## TASK PROMPT
Once you find the line below that has "2025年最大の満月から1日", output it and every line after it exactly, stopping after the line that has "Корпус ловушки и", with no pictures.
(Beginning of RECORDS SUPPLIED)
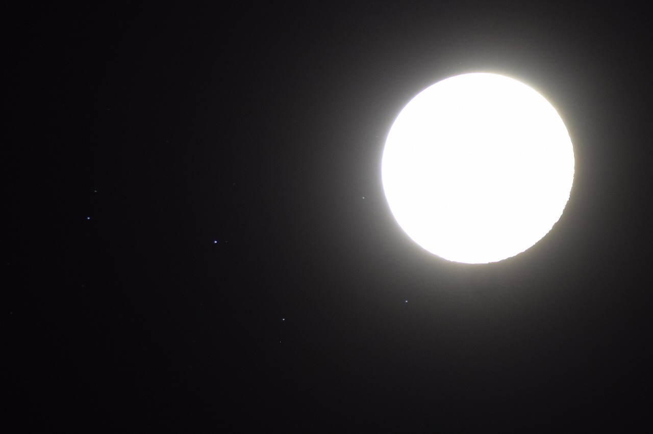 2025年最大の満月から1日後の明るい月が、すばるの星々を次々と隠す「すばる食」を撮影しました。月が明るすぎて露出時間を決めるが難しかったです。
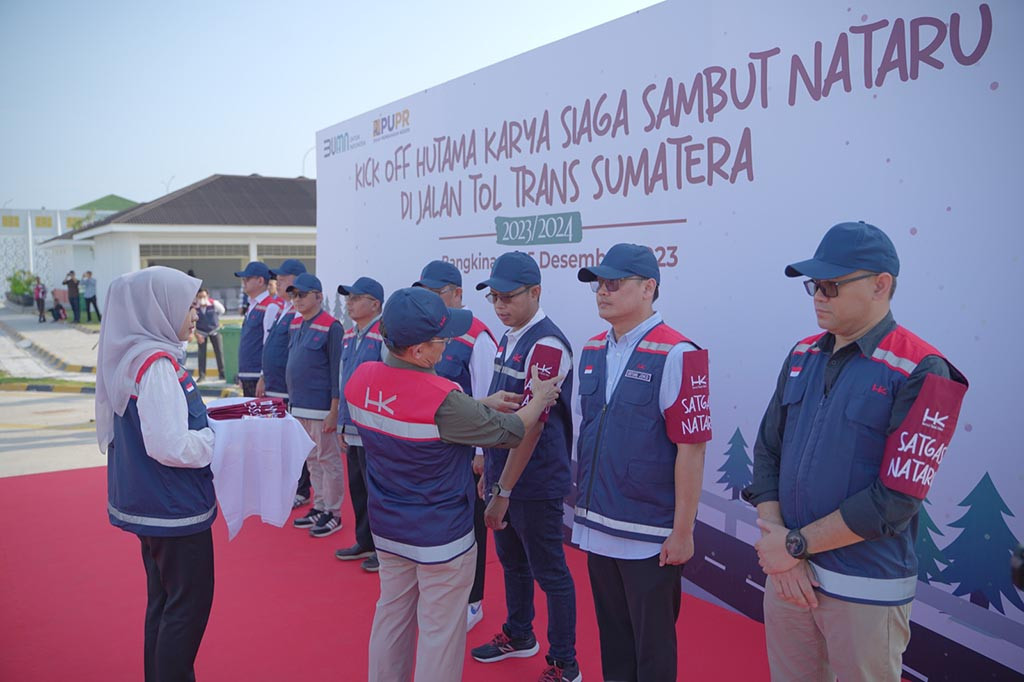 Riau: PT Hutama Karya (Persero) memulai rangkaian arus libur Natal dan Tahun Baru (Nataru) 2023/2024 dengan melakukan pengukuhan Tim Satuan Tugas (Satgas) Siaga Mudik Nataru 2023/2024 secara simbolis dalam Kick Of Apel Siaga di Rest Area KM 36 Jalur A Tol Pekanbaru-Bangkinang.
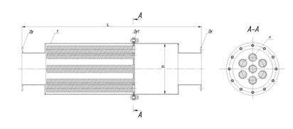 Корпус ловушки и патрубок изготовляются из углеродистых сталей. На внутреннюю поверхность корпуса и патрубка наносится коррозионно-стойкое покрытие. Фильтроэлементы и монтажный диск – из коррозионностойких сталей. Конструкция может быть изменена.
(End of RECORDS SUPPLIED)
(Beginning of RECORDS SUPPLIED)
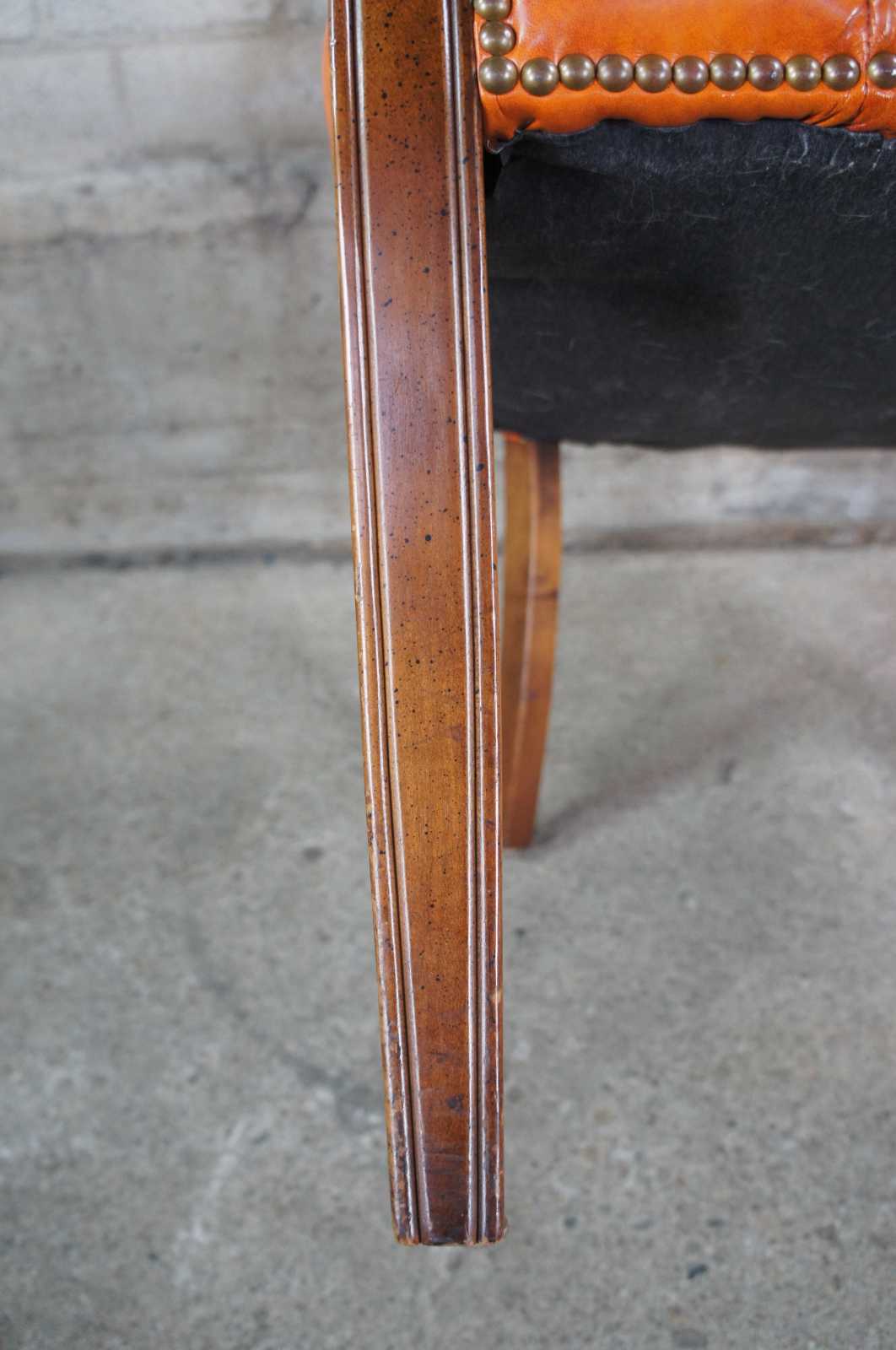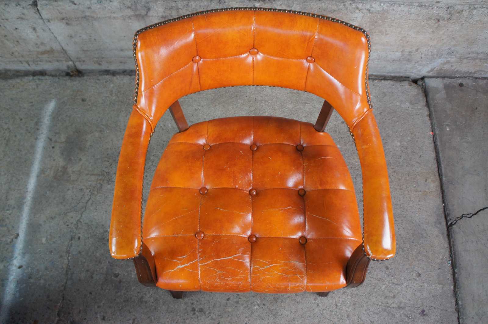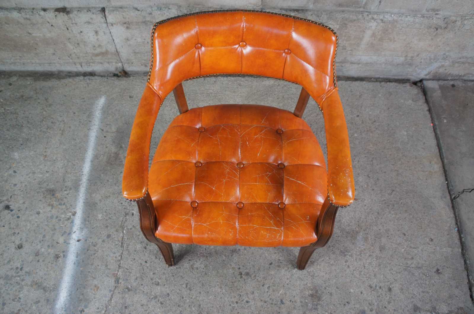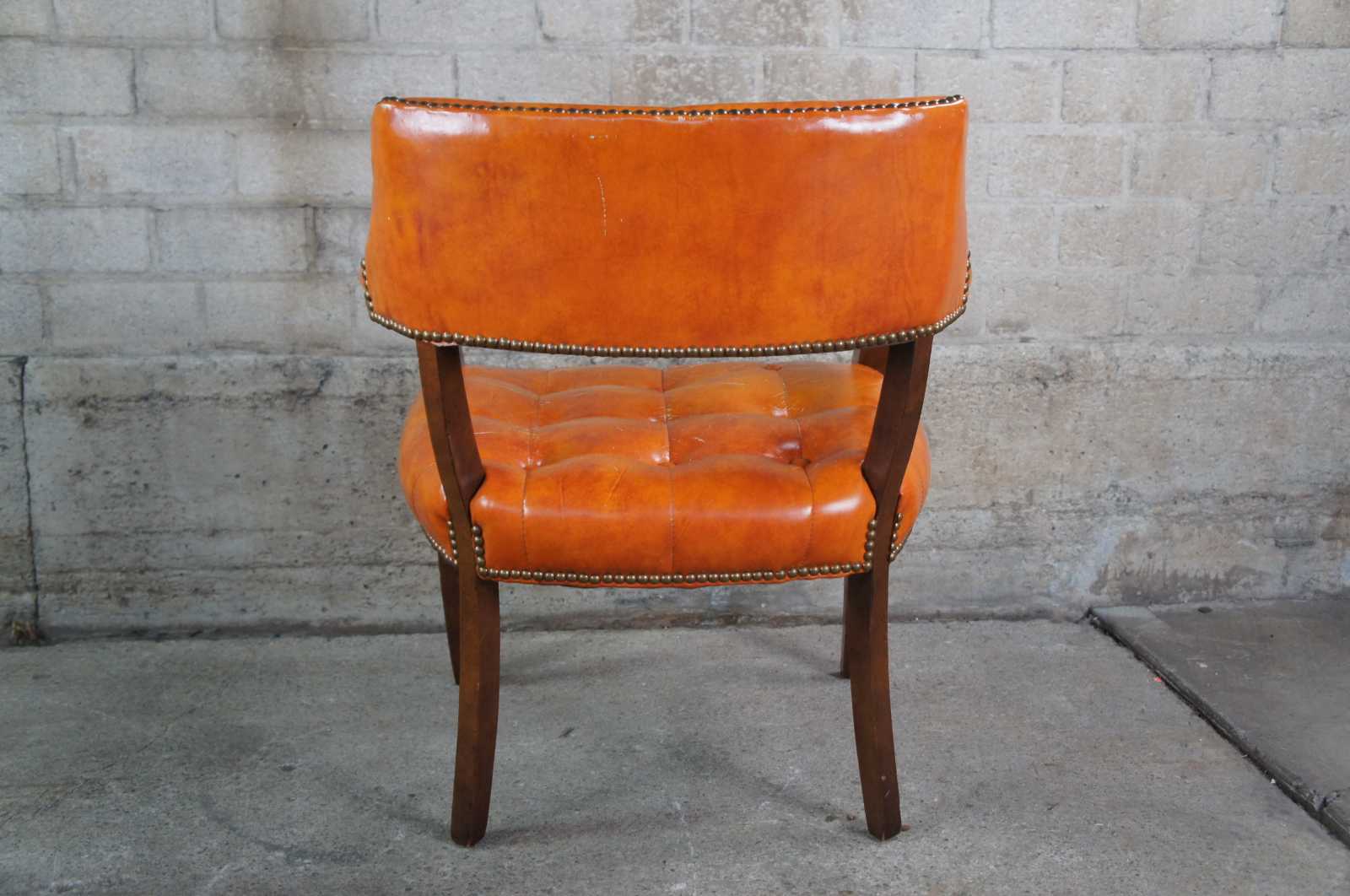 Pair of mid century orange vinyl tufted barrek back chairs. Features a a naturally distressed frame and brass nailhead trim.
(End of RECORDS SUPPLIED)
(Beginning of RECORDS SUPPLIED)
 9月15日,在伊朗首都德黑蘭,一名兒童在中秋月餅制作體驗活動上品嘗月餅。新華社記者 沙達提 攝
(End of RECORDS SUPPLIED)
## TASK SOLUTION
 2025年最大の満月から1日後の明るい月が、すばるの星々を次々と隠す「すばる食」を撮影しました。月が明るすぎて露出時間を決めるが難しかったです。
 Riau: PT Hutama Karya (Persero) memulai rangkaian arus libur Natal dan Tahun Baru (Nataru) 2023/2024 dengan melakukan pengukuhan Tim Satuan Tugas (Satgas) Siaga Mudik Nataru 2023/2024 secara simbolis dalam Kick Of Apel Siaga di Rest Area KM 36 Jalur A Tol Pekanbaru-Bangkinang.
 Корпус ловушки и патрубок изготовляются из углеродистых сталей. На внутреннюю поверхность корпуса и патрубка наносится коррозионно-стойкое покрытие. Фильтроэлементы и монтажный диск – из коррозионностойких сталей. Конструкция может быть изменена.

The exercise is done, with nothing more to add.